• **PROBLEM STATEMENT**
Lines from the beginning of the entries up to and including the one with "公安局局长在2025年国庆中秋安保维稳工作会上的讲话" must be duplicated word for word; leave out all others.

EXTRACTED ENTRIES below:

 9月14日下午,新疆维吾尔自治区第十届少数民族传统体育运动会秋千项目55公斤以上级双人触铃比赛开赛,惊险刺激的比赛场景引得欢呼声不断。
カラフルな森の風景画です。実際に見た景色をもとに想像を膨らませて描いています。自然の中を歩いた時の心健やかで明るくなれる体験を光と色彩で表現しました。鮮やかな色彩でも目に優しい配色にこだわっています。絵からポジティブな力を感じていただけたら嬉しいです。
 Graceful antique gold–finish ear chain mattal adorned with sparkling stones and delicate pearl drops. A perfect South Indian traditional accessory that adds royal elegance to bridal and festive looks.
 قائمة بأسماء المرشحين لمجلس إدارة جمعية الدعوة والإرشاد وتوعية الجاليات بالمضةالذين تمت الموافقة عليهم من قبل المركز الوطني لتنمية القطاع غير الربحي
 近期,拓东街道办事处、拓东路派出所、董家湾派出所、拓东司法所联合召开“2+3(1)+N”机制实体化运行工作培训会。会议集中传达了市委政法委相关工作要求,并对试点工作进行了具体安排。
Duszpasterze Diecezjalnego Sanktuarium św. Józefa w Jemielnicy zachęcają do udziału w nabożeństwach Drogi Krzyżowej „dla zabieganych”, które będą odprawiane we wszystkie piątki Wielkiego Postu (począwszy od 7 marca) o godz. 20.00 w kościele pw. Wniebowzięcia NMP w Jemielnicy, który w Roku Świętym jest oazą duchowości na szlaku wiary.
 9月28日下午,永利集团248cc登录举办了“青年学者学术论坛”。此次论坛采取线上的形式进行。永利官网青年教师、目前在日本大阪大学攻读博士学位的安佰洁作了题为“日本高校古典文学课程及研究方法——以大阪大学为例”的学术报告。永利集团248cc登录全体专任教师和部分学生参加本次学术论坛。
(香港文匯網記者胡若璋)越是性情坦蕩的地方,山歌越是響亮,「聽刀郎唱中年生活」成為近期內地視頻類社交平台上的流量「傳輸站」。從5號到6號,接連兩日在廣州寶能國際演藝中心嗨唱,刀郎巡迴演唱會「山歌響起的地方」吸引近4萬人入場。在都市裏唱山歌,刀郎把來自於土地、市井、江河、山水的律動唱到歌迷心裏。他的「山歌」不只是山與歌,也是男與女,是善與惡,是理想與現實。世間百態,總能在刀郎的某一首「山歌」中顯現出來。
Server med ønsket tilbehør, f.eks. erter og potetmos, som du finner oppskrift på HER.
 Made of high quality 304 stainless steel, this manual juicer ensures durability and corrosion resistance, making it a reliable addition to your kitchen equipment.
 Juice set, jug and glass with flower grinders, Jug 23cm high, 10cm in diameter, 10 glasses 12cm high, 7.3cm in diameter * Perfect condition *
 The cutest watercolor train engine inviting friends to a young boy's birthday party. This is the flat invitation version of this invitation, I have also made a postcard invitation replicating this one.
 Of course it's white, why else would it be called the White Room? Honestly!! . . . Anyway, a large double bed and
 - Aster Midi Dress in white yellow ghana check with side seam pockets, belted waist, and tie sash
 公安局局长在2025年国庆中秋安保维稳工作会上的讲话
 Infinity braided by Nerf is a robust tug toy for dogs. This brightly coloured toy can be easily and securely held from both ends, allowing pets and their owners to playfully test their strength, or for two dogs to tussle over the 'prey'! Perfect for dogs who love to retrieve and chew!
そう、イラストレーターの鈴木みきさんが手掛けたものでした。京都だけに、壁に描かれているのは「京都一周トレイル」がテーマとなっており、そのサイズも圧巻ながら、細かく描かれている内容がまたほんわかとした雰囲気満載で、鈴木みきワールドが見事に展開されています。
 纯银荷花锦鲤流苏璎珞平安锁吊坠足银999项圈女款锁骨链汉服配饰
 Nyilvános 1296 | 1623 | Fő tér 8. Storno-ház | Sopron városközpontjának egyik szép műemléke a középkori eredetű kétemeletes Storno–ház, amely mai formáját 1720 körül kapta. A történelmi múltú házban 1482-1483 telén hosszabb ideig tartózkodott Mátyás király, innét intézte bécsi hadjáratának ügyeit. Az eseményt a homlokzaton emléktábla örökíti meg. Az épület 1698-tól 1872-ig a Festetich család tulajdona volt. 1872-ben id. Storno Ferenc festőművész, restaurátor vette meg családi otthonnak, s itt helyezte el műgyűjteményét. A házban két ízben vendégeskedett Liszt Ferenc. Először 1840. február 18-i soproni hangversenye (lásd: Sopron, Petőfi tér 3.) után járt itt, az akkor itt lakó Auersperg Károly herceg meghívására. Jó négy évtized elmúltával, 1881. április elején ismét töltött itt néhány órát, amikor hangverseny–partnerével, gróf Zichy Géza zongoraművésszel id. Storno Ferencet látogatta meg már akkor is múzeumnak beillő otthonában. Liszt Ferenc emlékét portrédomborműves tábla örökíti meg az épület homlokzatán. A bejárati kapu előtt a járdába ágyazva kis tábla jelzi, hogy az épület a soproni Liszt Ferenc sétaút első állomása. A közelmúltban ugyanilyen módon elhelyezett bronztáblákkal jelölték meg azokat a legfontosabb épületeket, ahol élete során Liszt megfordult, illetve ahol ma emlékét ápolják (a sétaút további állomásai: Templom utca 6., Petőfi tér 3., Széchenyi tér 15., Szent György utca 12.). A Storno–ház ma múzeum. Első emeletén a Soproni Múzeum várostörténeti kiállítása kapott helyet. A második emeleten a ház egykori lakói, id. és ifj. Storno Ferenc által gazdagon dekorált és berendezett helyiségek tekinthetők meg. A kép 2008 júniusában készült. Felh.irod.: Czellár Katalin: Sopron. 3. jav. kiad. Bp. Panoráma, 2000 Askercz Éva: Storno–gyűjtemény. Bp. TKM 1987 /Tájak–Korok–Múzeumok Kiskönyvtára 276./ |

End of EXTRACTED ENTRIES.

• **OUTPUT OF THE TASK**
 9月14日下午,新疆维吾尔自治区第十届少数民族传统体育运动会秋千项目55公斤以上级双人触铃比赛开赛,惊险刺激的比赛场景引得欢呼声不断。
カラフルな森の風景画です。実際に見た景色をもとに想像を膨らませて描いています。自然の中を歩いた時の心健やかで明るくなれる体験を光と色彩で表現しました。鮮やかな色彩でも目に優しい配色にこだわっています。絵からポジティブな力を感じていただけたら嬉しいです。
 Graceful antique gold–finish ear chain mattal adorned with sparkling stones and delicate pearl drops. A perfect South Indian traditional accessory that adds royal elegance to bridal and festive looks.
 قائمة بأسماء المرشحين لمجلس إدارة جمعية الدعوة والإرشاد وتوعية الجاليات بالمضةالذين تمت الموافقة عليهم من قبل المركز الوطني لتنمية القطاع غير الربحي
 近期,拓东街道办事处、拓东路派出所、董家湾派出所、拓东司法所联合召开“2+3(1)+N”机制实体化运行工作培训会。会议集中传达了市委政法委相关工作要求,并对试点工作进行了具体安排。
Duszpasterze Diecezjalnego Sanktuarium św. Józefa w Jemielnicy zachęcają do udziału w nabożeństwach Drogi Krzyżowej „dla zabieganych”, które będą odprawiane we wszystkie piątki Wielkiego Postu (począwszy od 7 marca) o godz. 20.00 w kościele pw. Wniebowzięcia NMP w Jemielnicy, który w Roku Świętym jest oazą duchowości na szlaku wiary.
 9月28日下午,永利集团248cc登录举办了“青年学者学术论坛”。此次论坛采取线上的形式进行。永利官网青年教师、目前在日本大阪大学攻读博士学位的安佰洁作了题为“日本高校古典文学课程及研究方法——以大阪大学为例”的学术报告。永利集团248cc登录全体专任教师和部分学生参加本次学术论坛。
(香港文匯網記者胡若璋)越是性情坦蕩的地方,山歌越是響亮,「聽刀郎唱中年生活」成為近期內地視頻類社交平台上的流量「傳輸站」。從5號到6號,接連兩日在廣州寶能國際演藝中心嗨唱,刀郎巡迴演唱會「山歌響起的地方」吸引近4萬人入場。在都市裏唱山歌,刀郎把來自於土地、市井、江河、山水的律動唱到歌迷心裏。他的「山歌」不只是山與歌,也是男與女,是善與惡,是理想與現實。世間百態,總能在刀郎的某一首「山歌」中顯現出來。
Server med ønsket tilbehør, f.eks. erter og potetmos, som du finner oppskrift på HER.
 Made of high quality 304 stainless steel, this manual juicer ensures durability and corrosion resistance, making it a reliable addition to your kitchen equipment.
 Juice set, jug and glass with flower grinders, Jug 23cm high, 10cm in diameter, 10 glasses 12cm high, 7.3cm in diameter * Perfect condition *
 The cutest watercolor train engine inviting friends to a young boy's birthday party. This is the flat invitation version of this invitation, I have also made a postcard invitation replicating this one.
 Of course it's white, why else would it be called the White Room? Honestly!! . . . Anyway, a large double bed and
 - Aster Midi Dress in white yellow ghana check with side seam pockets, belted waist, and tie sash
 公安局局长在2025年国庆中秋安保维稳工作会上的讲话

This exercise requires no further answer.